Ефим Зозуля - Лимонада
Обзор книги Ефим Зозуля - Лимонада
Ефим Давыдович Зозуля
Лимонада
Посвящается Холстомеру и Изумруду
У нас в комиссариате среди средств передвижения были два автомобиля и нечто вроде экипажа, в который впрягалась Лимонада. Эта Лимонада встретила революцию еще жеребенком, мать ее была убита случайной пулей левого эсера, восставшего вместе с другими левыми эсерами в 1918 году. Лимонаду подобрал Кузьма, человек, между прочим, за все время революции не менявший профессии конюха, и в 1919 году это уже была лошадь как лошадь. Красивой ее вряд ли можно было назвать. В ее походке было что-то задумчиво сутуловатое и интеллигентное, хотя и весьма демократическое. Она была похожа приблизительно на народного учителя, на эту, как известно, наиболее привлекательную разновидность интеллигенции. Затем, когда я узнал Лимонаду в начале 1919 г., она была очень любознательна, и всем нравилось это ее особенное свойство. Она подходила к новому человеку, становилась против него на совсем близком расстоянии и смотрела прямо в глаза своим взглядом серьезной девушки, доверчивым и нежным, но одновременно и строгим.

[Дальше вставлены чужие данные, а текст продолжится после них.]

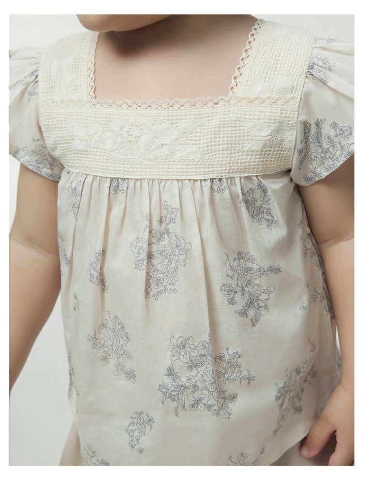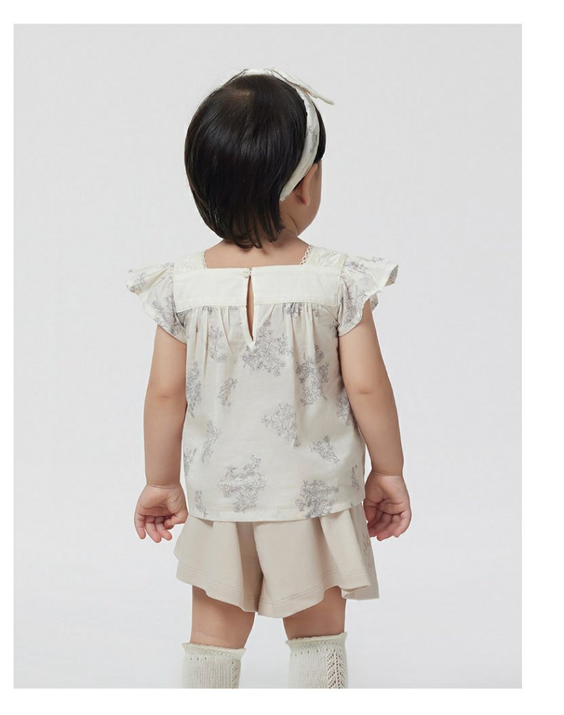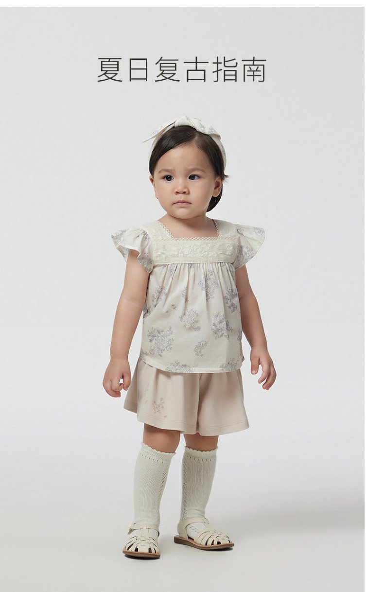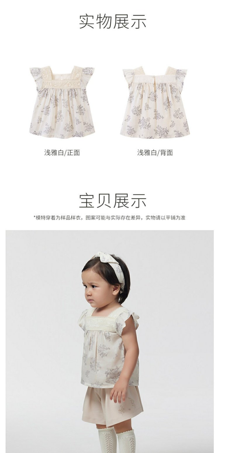 英氏女童装T恤夏季新款超萌小飞袖纯棉素雅方领上衣YRTCJ2P279A

Почему ее звали Лимонадой, я не знаю, не знал и Кузьма, и мне кажется, что это неважно.
Двор был большой, двойной. Кузьма любил во всем широту и отпускал Лимонаду бродить по двору, пока он возился с укладкой упряжи и приведением в порядок разбитого экипажа, всегда нуждавшегося в ремонте.
Когда наступили наиболее тяжелые голодные месяцы, и сено становилось таким же редким и ценным предметом, как и хлеб, выражение любознательности усиливалось на лице Лимонады, и она бродила по двору, обнюхивая уменьшенными исхудавшими ноздрями остатки приспособлений для фонтана, украшавшего некогда буржуазный дом. Бывали и такие дни, когда Кузьма открывал конюшню, ложился спать, а перед тем как лечь, говорил Лимонаде не без отчаянья:
— Нет у меня для тебя ни. иди проси милостыню, может, и подаст тебе кто.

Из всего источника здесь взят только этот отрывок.